The FTC's new rule represents a significant shift in the employment landscape, particularly retention of key talent. Companies historically have used non-compete agreements to prevent employees from joining competitors or starting their own ventures in the same industry for a certain period after leaving their current employers. With these agreements no longer an option, companies may need to rely more heavily on alternative methods such as equity awards to retain their key leaders.

Aligning incentives

Non-compete agreements already in place may remain with senior executives — individuals with "policy making authority," as defined in the rule, who were paid more than $151,164 in total compensation for the preceding year. But, employers cannot enter into non-competes with senior executives after the effective date.

Equity awards, such as stock options, restricted stock and performance shares, can serve as powerful retention tools. By granting equity, companies ensure that executives share in the company's performance, both in its successes and challenges, aligning their interests with those of shareholders.

These awards typically vest over time or upon achieving specific performance milestones, creating an incentive for executives to stay with the company and contribute to its long-term success. This alignment is particularly important for executives who play pivotal roles in driving the company's performance and growth.

With the traditional method of using non-compete agreements off the table, companies may need to revisit and potentially enhance their equity compensation programs to ensure they remain competitive in retaining top talent.

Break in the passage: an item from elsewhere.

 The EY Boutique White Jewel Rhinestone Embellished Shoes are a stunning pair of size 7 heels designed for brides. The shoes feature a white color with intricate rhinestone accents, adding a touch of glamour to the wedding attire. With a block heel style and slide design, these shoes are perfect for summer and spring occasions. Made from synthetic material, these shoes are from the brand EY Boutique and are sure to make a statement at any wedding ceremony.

This enhancement could involve adjusting the structure or size of equity grants, implementing more robust vesting schedules or introducing performance-based metrics tied to equity awards.

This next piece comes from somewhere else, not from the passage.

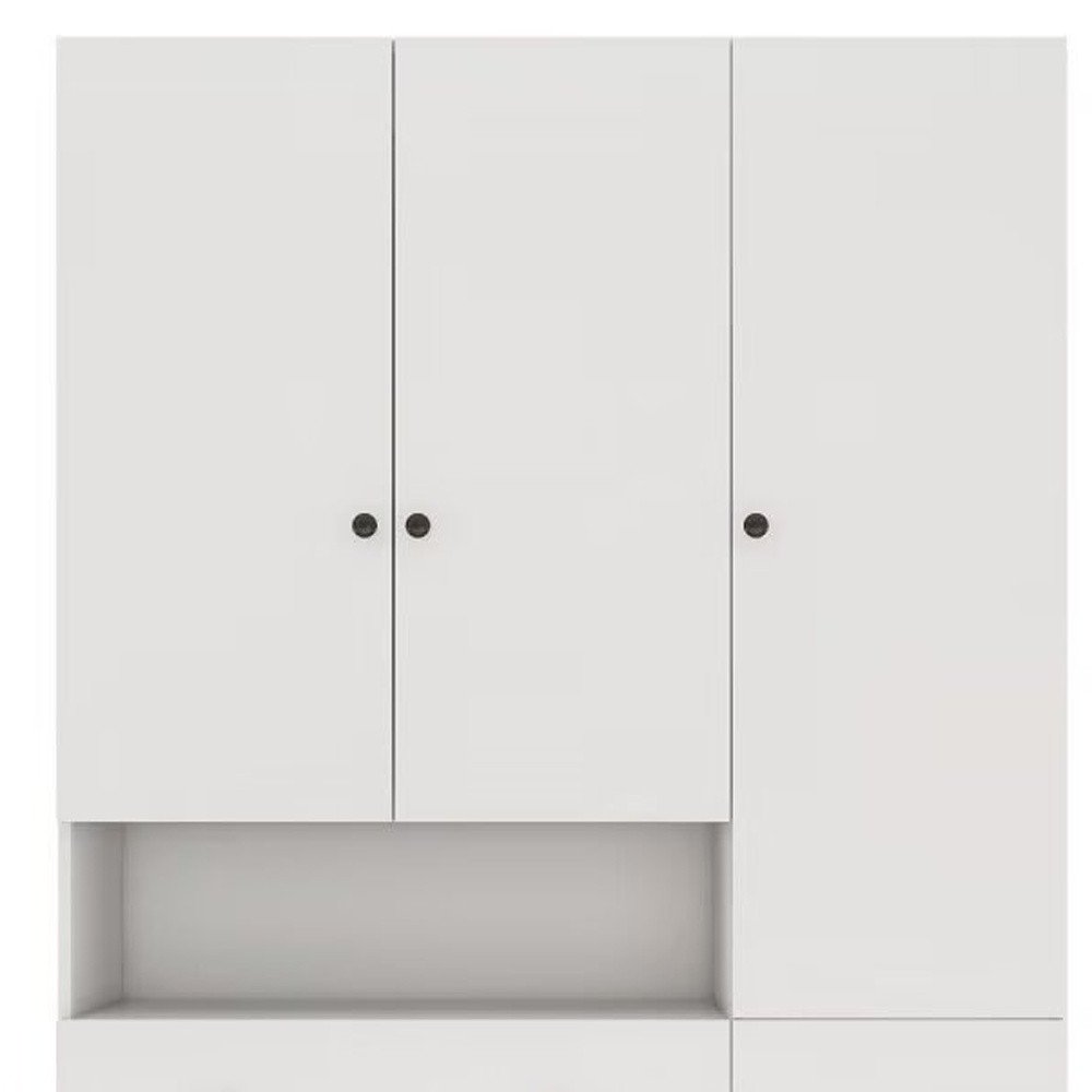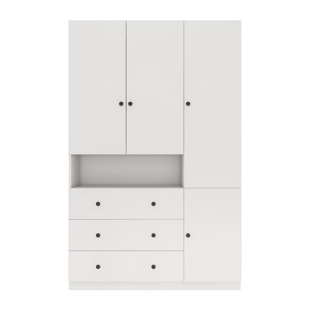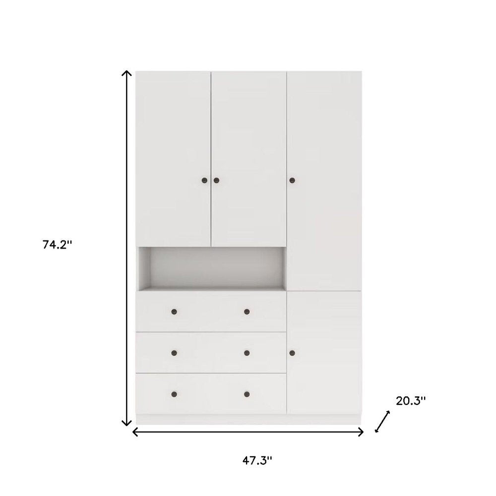 Enhance your room into a visually delightful and highly functional space with this 74-inch white four door three drawer combo dresser. Versatile in use, this combo dresser is equipped with both drawers and doors for all your storage needs. Equipped with three easy open drawers for practical and good-looking clothing storage. This dresser is made from sturdy manufactured wood that is built to last. The white coloration of this piece is neutral and will blend easily with most any decor. 74.2-inch h x 47.3-inch w x 20.3-inch d.

Furthermore, the removal of non-compete agreements may lead to increased mobility among senior talent in the marketplace, as employees feel freer to explore opportunities with different companies. In this environment, attractive equity packages could offer a crucial differentiator for companies looking to attract and retain the best executive talent.

Equity awards may promote retention without the attention

Overall, the FTC's new rule underscores the importance of for-profit companies using equity awards as a retention strategy, particularly in light of the changing regulatory landscape around employee agreements. Companies that adapt and optimize their equity compensation programs accordingly are likely to find themselves better positioned to retain their key leaders and drive sustained success.

Companies sometimes consider "mega grants" as a tool for retaining key talent. These large allocations of equity are meant to provide executives with a strong incentive to remain with the company over the long term. However, while mega grants may be effective in promoting retention, they also carry certain risks and considerations, especially regarding shareholder and proxy advisor perceptions.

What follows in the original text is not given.